Drei Stunden Später.

Verabschiedungen liegen mir nicht, deshalb, eine kurze Umarmung und ab in den Flieger. Es geht wieder nach Deutschland. Flugzeit: knapp eine Stunde. Ich hasse es, ja, ja, es ist das sicherste Verkehrsmittel, sagt das meinem Kopf. Aufgeregt bin ich und kann es kaum erwarten, wieder festen Boden unter den Füßen zu spüren. Von der Stewardess bekomme ich nach halbstündiger Flugzeit eine Kleinigkeit angeboten, ich lehne aber ab, bekomme nichts herunter, dafür mein Sitznachbar, der es sich schmecken lässt. Es wird der Klassiker serviert. Bolognese mit Spiralnudeln.

***

Ein bisschen mehr als fünfundvierzig Minuten später.
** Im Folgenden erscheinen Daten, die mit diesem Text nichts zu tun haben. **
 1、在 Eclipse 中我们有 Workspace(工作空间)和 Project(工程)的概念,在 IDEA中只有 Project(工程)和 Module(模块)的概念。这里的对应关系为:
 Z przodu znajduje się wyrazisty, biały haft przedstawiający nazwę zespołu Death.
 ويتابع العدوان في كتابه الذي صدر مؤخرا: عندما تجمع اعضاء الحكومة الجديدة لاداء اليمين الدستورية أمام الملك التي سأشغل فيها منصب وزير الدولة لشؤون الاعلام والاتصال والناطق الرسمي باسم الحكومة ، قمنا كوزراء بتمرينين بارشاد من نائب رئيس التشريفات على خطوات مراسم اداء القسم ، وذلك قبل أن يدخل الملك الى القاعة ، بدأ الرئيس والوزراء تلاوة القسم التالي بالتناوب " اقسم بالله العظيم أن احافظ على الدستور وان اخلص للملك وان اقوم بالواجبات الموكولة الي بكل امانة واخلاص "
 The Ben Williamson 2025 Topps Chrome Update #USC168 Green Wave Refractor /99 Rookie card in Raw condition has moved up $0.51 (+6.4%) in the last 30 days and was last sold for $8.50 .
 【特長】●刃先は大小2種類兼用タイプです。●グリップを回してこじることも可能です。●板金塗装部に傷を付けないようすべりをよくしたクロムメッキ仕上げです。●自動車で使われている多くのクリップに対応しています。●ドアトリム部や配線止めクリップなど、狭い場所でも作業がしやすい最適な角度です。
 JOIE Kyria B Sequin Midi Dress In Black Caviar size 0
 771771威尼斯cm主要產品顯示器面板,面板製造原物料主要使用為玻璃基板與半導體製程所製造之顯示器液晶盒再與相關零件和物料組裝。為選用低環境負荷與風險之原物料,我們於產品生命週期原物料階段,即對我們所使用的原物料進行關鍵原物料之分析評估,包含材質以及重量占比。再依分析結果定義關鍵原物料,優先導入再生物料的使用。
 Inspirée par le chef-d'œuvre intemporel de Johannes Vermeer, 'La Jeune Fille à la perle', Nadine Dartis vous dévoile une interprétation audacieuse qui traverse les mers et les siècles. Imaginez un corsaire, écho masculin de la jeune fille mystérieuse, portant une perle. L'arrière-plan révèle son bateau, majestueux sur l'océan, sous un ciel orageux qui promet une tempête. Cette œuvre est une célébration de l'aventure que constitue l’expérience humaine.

»Bitte bleiben Sie angeschnallt, bis die endgültige Parkposition erreicht ist«, erklärt die Flugbegleiterin über die Lautsprecher. Die Warterei scheint einigen Reisenden auf das Gemüt zu schlagen, sie scharren wie die wilden Stiere und können es kaum noch erwarten. Mich stört es ganz und gar nicht, schließlich habe ich heute nichts mehr vor, na ja, nicht ganz, wenn "Freunde" als nicht wichtig erachtet werden. Es ist 14 Uhr 30. Alles im grünen Bereich. Heute Abend, so um neun, wollen wir uns treffen.
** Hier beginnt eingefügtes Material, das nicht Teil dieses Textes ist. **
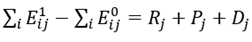 Assim, a variável emprego entre dois períodos “p” (0 e 1) pode ser demandada para mensurar os três efeitos ou variações, que são: efeito estrutural/proporcional (P j ), efeito regional/diferencial (R j ) e efeito total (D j ) (Viana et al., 2020, 2024).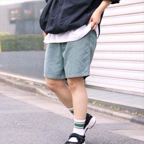 やや厚手のコットンにピグメント染めを施し、穿き込んだようなフェード感を演出。ヴィンテージライクな質感を引き出すため、ディテールを削ぎ落としたミニマルな佇まい。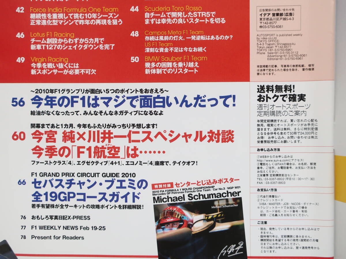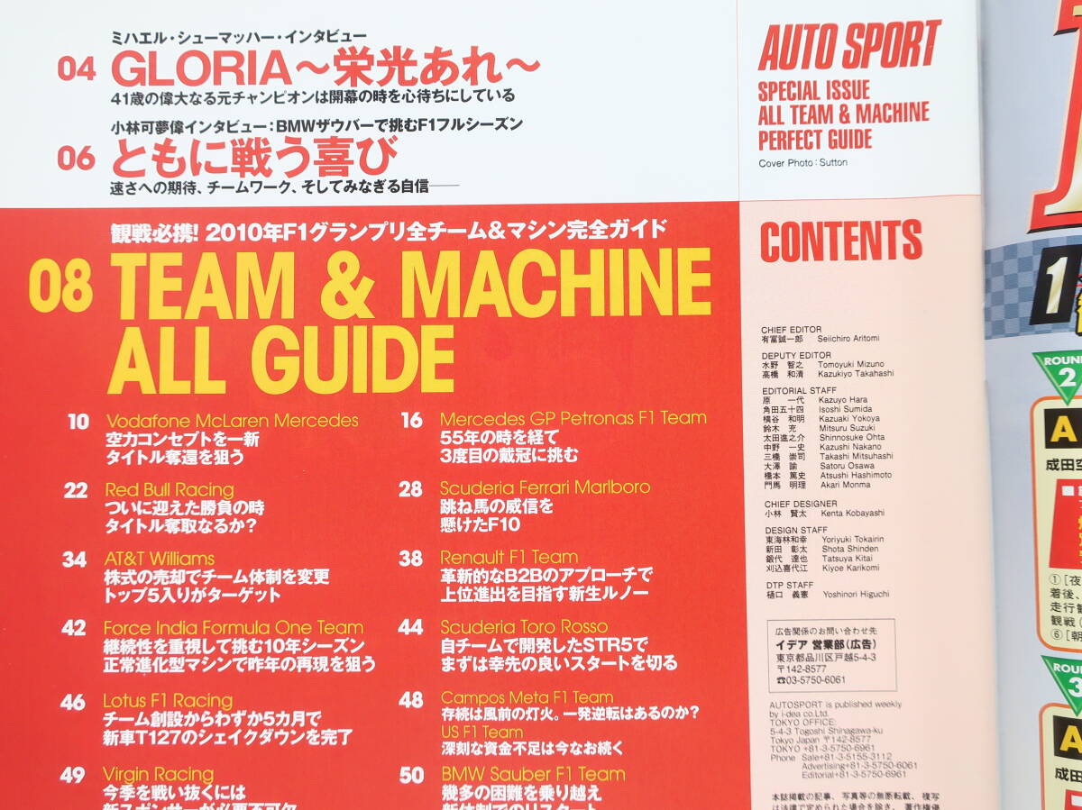 | 週刊AUTO SPORT/オートスポーツ/臨時増刊号/2010年版/永久保存版グラビア/特集:F1全チーム&マシン完全ガイド/Formula One/フォーミュラワン | ||||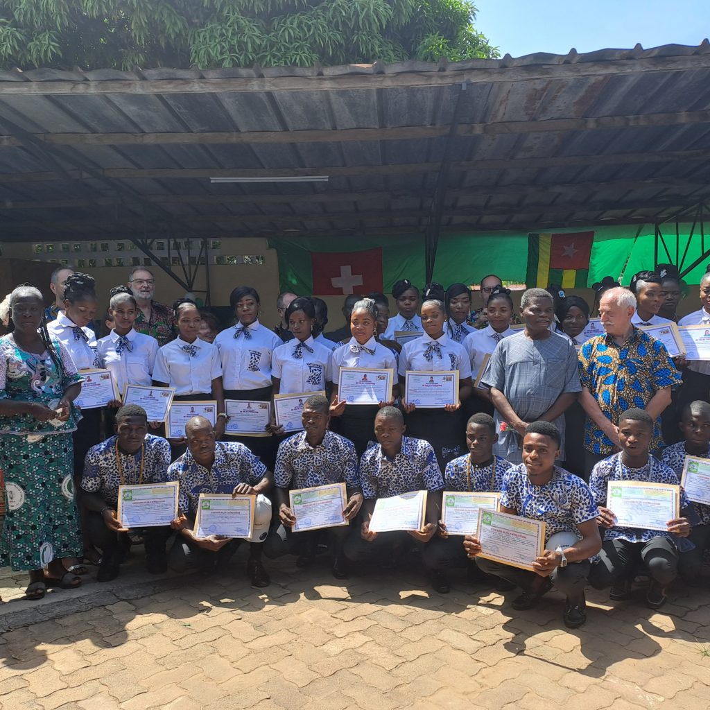 In vielen Reden vom ABCN Chef Leon, dem Bürgermeister, einem Vertreter aus dem Ministerium und dem Prefäkten erhalten die Absolventen Glück und Segenswünsche. Immer wieder wird erwähnt wie wertvoll und wichtig eine solide Ausbildung ist und wie wichtig es ist dass alle ihr Rüstzeug umsetzten und einen guten Weg in die Zukunft gehen. Anton Weber bittet in seiner Rede die Eltern unter anderem vor allem ihren Töchtern eine Chance zu geben, das gelernte umzusetzen und sie nicht gleich in eine Ehe zu drängen. Mancher Vater schaut betroffen drein…. die Töchter klatschen…. Sehr oft bekommen wir von den Lehrlingen Anfragen, dass sie nach Deutschland kommen wollen. Anton sagt es gibt Menschen, die in Deutschland Fuß fassen und erfolgreich sind, aber es gibt mehr negative Beispiele. So schildert er den Fall einer Frau, die im Ostalbkreis in einem Pflegeheim arbeitet und sich für den Deutschkurs und die Kosten des Flugs schwer verschuldet hat. Jetzt läuft es in Deutschland auch nicht so wie sie es sich vorgestellt hat und die Familie (Mann und 3 Kinder) sind ohne die Mutter.

Warum sind die so von Eile gepackt?
Geschäftsmänner- und Frauen in Anzügen verstehe ich ja noch, ab und zu muss ein Anschlussflug erwischt werden, ich kann nur keine ausmachen. Für die Schlauberger, ja ich weiß, die tragen den feinen Zwirn nicht laufend, außerdem, müssten sie zahlreich sein. Um der Wahrheit die Ehre zu geben, ich sehe alltägliche Klamotten. Ich verstehe das sowieso nicht. Man besucht andere Länder, um sich der Erholung hinzugeben, stattdessen siegt der Stress und hat überhaupt nichts vom Urlaub. Ich bin die Ruhe selbst und lehne mich zurück und schließe die Augen.